In this picture, we see some houses and two hospital and their cost is 17. Now we are relocating the hospital and reduce the cost by using hill-climbing algorithms and random restart variants.

Like this, 

 

In the first picture, we see that cost is 17, and in the second picture, we see that cost is 11.  We relocate the hospital and reduce the cost.

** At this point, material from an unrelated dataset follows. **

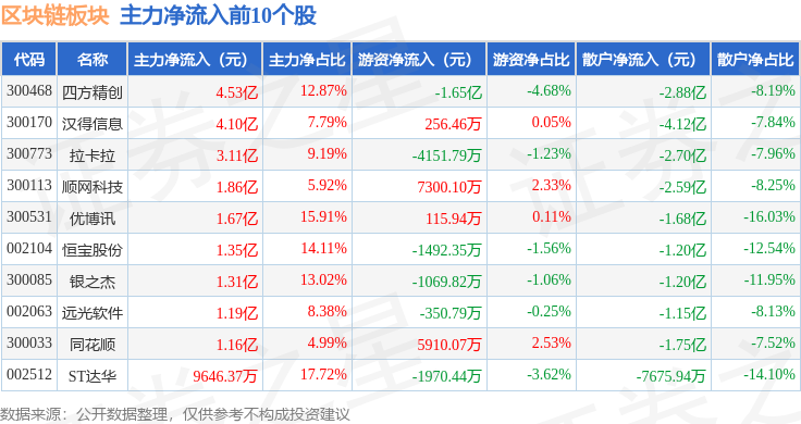 从资金流向上来看,当日区块链板块主力资金净流出33.16亿元,游资资金净流入2.7亿元,散户资金净流入30.46亿元。区块链板块个股资金流向见下表:
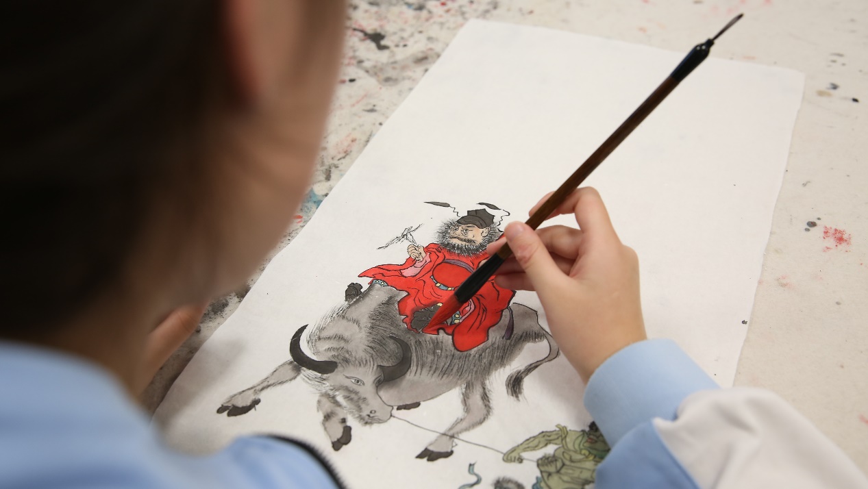 9月11日,在安徽省灵璧县高级职业技术学校非遗传承学院内,一名学生正在学习画钟馗。

The python code to implement Local Search

 

 Pseudocode :

import random # import random to generator random numbers


class Space():

    def __init__(self, height, width, num_hospitals):
        """Create a new state space with given dimensions."""
        self.height = height
        self.width = width
        self.num_hospitals = num_hospitals
        self.houses = set()
        self.hospitals = set()

    def add_house(self, row, col):
        #  Now Add a house at a particular location
        self.houses.add((row, col))

    def available_spaces(self):
        # Returns all cells not currently used by a house or hospital.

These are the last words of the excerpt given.